Ouyang Ting, Zhang Fei, Yang Yan, Luo Tianwei, Chen Ao, Han Ning, Qian Jun, Chu Xiaoyuan, Chen Chao, Yang Mi
Department of Oncology, Nanjing Drum Tower Hospital, Nanjing Drum Tower Hospital Clinical College, Nanjing University of Chinese Medicine, Nanjing, China.
Department of Clinical Laboratory, Jinling Hospital, Medical School of Nanjing University, Nanjing, China.
BMC Cancer. 2025 Aug 22;25(1):1353. doi: 10.1186/s12885-025-14559-1.
Lung cancer remains the leading cause of cancer-related mortality worldwide. While immune checkpoint inhibitors (ICIs) have improved survival outcomes for some patients, their efficacy and adverse effects vary significantly. Thus, developing accurate and practical prognostic tools is essential to optimize treatment decision-making.
This retrospective study analyzed 436 lung cancer patients treated with ICIs, who were randomly divided into training (70%) and validation (30%) cohorts.
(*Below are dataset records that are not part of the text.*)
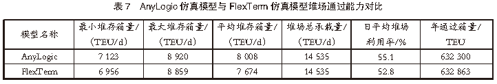 經綜合分析發現,無論是單一場橋利用率還是平均場橋利用率,AnyLogic仿真模型的數據結果都普遍高于FlexTerm仿真模型的數據結果。通過分析堆場作業系統仿真流程發現,上述差異是由2種仿真模型的作業指令生成模式不同導致的。在相同的作業時段內,AnyLogic仿真模型的作業指令生成的作業數量要高于FlexTerm仿真模型的作業指令生成的作業數量,從而導致AnyLogic仿真模型的場橋利用率高于FlexTerm仿真模型的場橋利用率。根據港口提供的數據,全年該港口自動化堆場的場橋利用率在40%~60%。基于AnyLogic仿真模型和FlexTerm仿真模型仿真得到的平均場橋利用率分別為42.4%、35.7%。顯然,與FlexTerm仿真模型的仿真結果相比,AnyLogic仿真模型的仿真結果同實際作業數據的統計結果更接近。究其原因,這是由2款仿真模型的集裝箱裝卸作業指令的生成模式不同導致的。對堆場作業系統仿真流程分析發現:在AnyLogic仿真模型中,集裝箱裝卸作業指令是根據港口歷史數據,借助算法計算生成的,比較接近港口的實際作業數據;在FlexTerm仿真模型中,集裝箱裝卸作業指令是利用軟件自帶作業計劃模塊,通過配置船期、堆場計劃等參數自動生成的,與港口實際作業數據之間存在一定的差距。4.2 堆場使用情況對比為了合理規劃堆場空間資源,根據港口提供的船期、堆場計劃等參數,對港口堆場的使用情況進行仿真對比分析。AnyLogic仿真模型與FlexTerm仿真模型堆場通過能力對比見表7。由表7可知,在相同輸入條件下,AnyLogic仿真模型和FlexTerm仿真模型仿真模擬得到的堆場利用情況和堆場通過能力基本一致。但由于泊位船舶計劃較為寬松,船期密度小于實際船期數據,AnyLogic仿真模型和FlexTerm仿真模型的堆場通過箱量分別為632 300 TEU和632 863 TEU,均小于港口全年實際堆場通過箱量724 272 TEU。
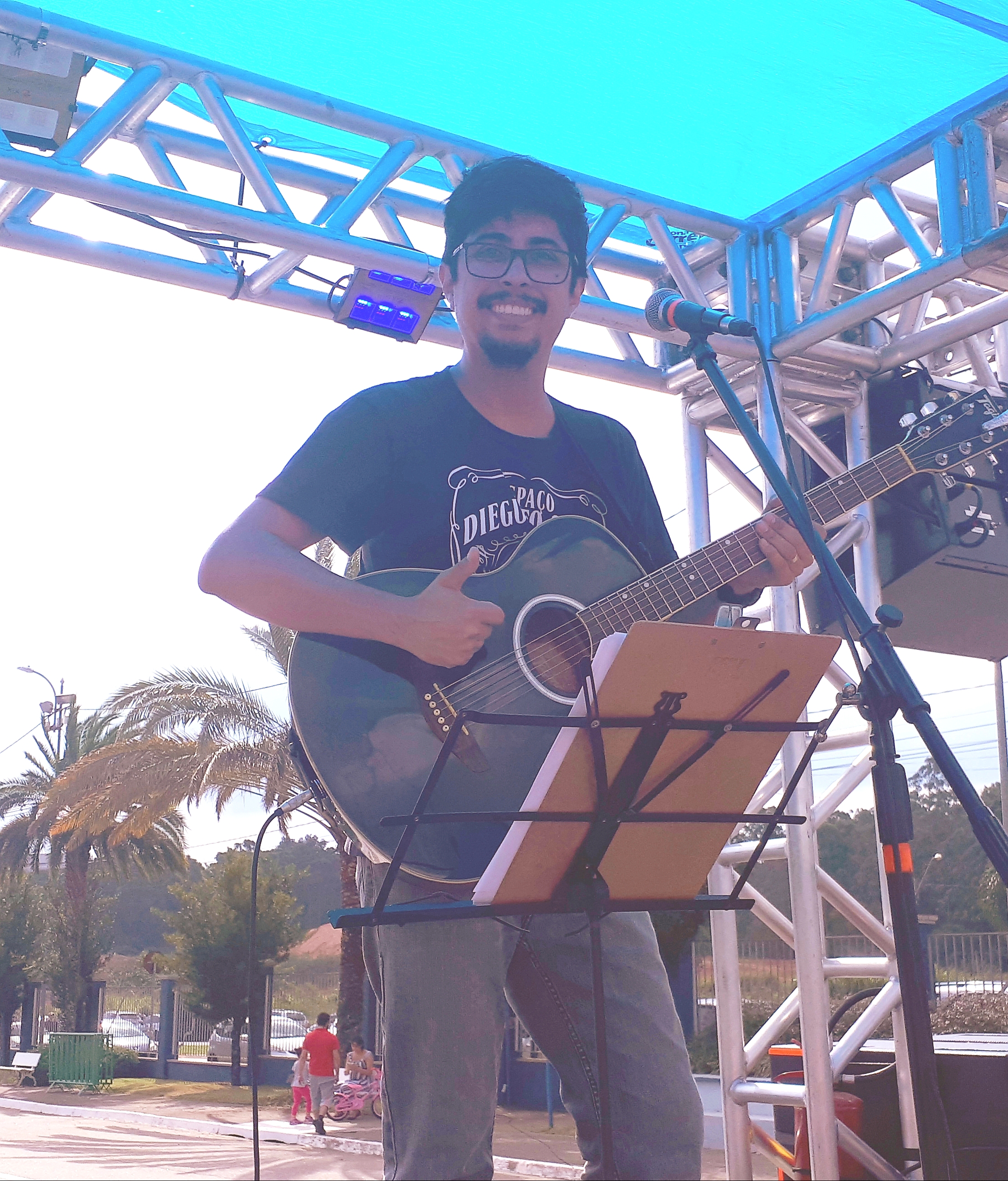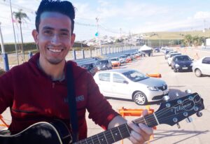 O artista Dieguito Silva em apresentação musical no Quinto Vacinaço. (Foto Dani Marzano)
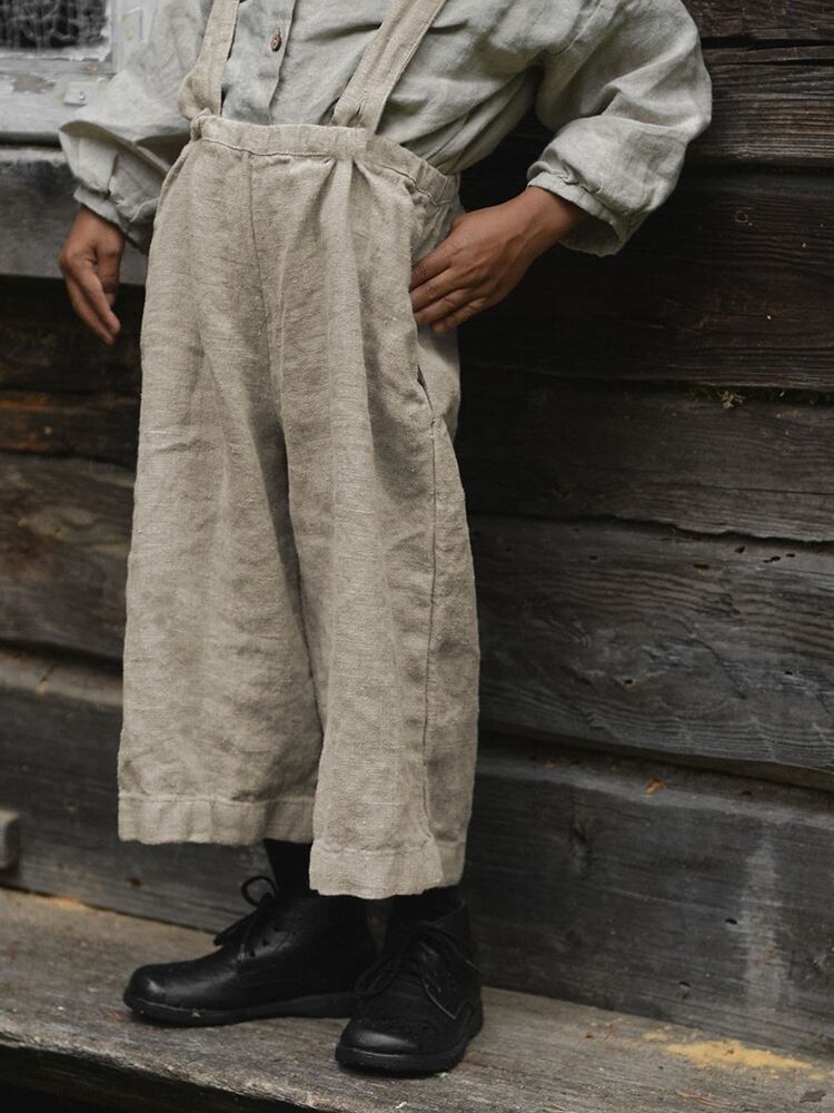キッズ 男の子 女の子 ベビー サロペット オーバーオール 取り外し可能 綿麻 リネンブレンド ストレート ハイウエスト ロングパンツ カジュアル 北欧風 春夏 無地 ベージュ かわいい
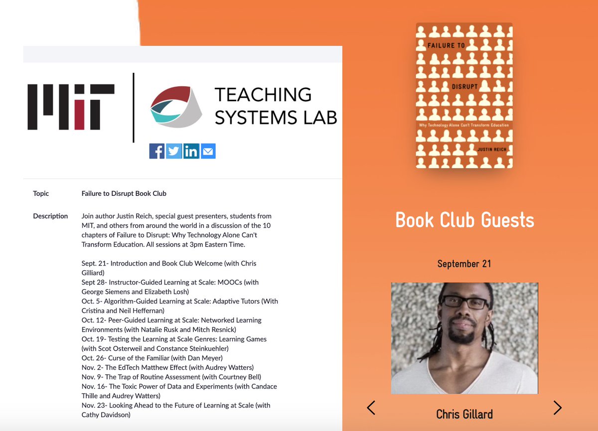 Discussing the introduction and framing the conversation, we have @hypervisible and @audreywatters. Then Part I of the book addresses three "genres" of learning at scale... (Sign up at failuretodisrupt.com/virtualbookclub) #failuretodisrupt
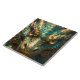 Turquoise and Gold Dragon Face Ceramic Tile
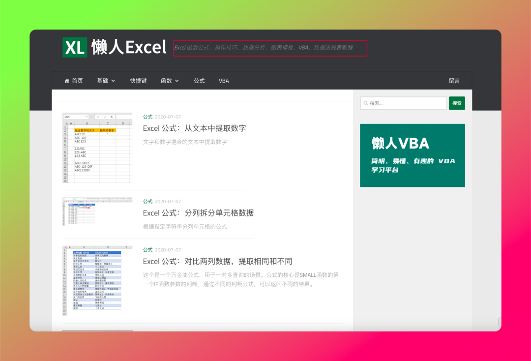 Excel 教程网站,职场人士必备,免费无广告。包含了各种 Excel 函数公式、操作技巧、数据分析、图表模板、VBA、数据透视表教程。
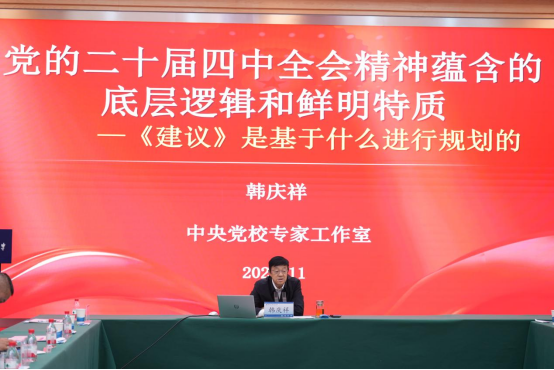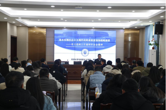 在專家報告階段,韓慶祥教授以《黨的二十屆四中全會精神蘊含的底層邏輯和鮮明特質(zhì)》為題,從“調(diào)查研究、哲學(xué)思考、戰(zhàn)略謀劃、人民至上、守正創(chuàng)新、胸懷天下”六個維度,深入解讀黨的二十屆四中全會精神的核心要義;東北大學(xué)田鵬穎教授圍繞國家“十五五”規(guī)劃,系統(tǒng)闡釋了五年規(guī)劃作為黨治國理政重要方式的歷史意義、總體思路與學(xué)理基礎(chǔ);天津大學(xué)顏曉峰教授聚焦黨的二十屆四中全會精神,解讀了基本實現(xiàn)社會主義現(xiàn)代化的系統(tǒng)謀劃和戰(zhàn)略部署,三位專家的報告為現(xiàn)場師生帶來深刻的學(xué)術(shù)啟發(fā)。

Independent prognostic factors for overall survival (OS) and progression-free survival (PFS) were identified using LASSO regression and multivariate Cox regression. Nomograms were constructed based on clinical and blood biomarkers. Model performance was assessed using the concordance index (C-index), ROC curve, calibration curve, and decision curve analysis (DCA). Kaplan-Meier analysis validated patient stratification.
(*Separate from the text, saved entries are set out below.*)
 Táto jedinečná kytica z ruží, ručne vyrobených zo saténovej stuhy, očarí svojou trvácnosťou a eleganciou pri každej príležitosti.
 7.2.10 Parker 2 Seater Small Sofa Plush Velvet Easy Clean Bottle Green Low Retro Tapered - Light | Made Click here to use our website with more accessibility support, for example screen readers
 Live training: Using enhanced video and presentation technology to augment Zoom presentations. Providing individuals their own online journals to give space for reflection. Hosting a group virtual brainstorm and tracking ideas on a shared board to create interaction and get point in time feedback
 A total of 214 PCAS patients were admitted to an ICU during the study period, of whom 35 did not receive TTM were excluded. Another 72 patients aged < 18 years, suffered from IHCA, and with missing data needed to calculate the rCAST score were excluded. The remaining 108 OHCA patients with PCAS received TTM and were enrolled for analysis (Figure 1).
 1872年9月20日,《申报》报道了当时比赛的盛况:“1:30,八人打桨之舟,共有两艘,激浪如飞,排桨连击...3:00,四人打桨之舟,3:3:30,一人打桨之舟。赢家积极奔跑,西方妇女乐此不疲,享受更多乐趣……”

The key independent predictive factors for OS and PFS included neutrophil-to-lymphocyte ratio (NLR), previous surgery, liver metastasis, clinical stage, treatment lines, and treatment response evaluation. The nomograms achieved C-index values of 0.709 (OS) and 0.730 (PFS) in the training cohort, with validation C-indexes of 0.655 (OS) and 0.694 (PFS). The ROC curves demonstrated good predictive accuracy for 12-, 24-, and 36-month outcomes. High-risk patients exhibited significantly shorter median OS and PFS (P < 0.001).
The nomograms developed in this study, integrating clinical and blood biomarkers, provide a cost-effective, simple, and accurate tool for predicting the prognosis of lung cancer patients receiving ICIs treatment, to facilitate personalized clinical decision-making.
肺癌仍然是全球癌症相关死亡的主要原因。虽然免疫检查点抑制剂(ICI)改善了部分患者的生存结局,但其疗效和不良反应差异很大。因此,开发准确实用的预后工具对于优化治疗决策至关重要。
这项回顾性研究分析了436例接受ICI治疗的肺癌患者,他们被随机分为训练组(70%)和验证组(30%)。使用LASSO回归和多变量Cox回归确定总生存期(OS)和无进展生存期(PFS)的独立预后因素。基于临床和血液生物标志物构建列线图。使用一致性指数(C指数)、ROC曲线、校准曲线和决策曲线分析(DCA)评估模型性能。Kaplan-Meier分析验证患者分层。
OS和PFS的关键独立预测因素包括中性粒细胞与淋巴细胞比值(NLR)、既往手术史、肝转移、临床分期、治疗线数和治疗反应评估。列线图在训练组中OS的C指数值为0.709,PFS的C指数值为0.730,验证组中OS的C指数为0.655,PFS的C指数为0.694。ROC曲线显示对12个月、24个月和36个月的结局具有良好的预测准确性。高危患者的中位OS和PFS显著缩短(P < 0.001)。
本研究开发的列线图整合了临床和血液生物标志物,为预测接受ICI治疗的肺癌患者的预后提供了一种经济有效、简单且准确的工具,以促进个性化临床决策。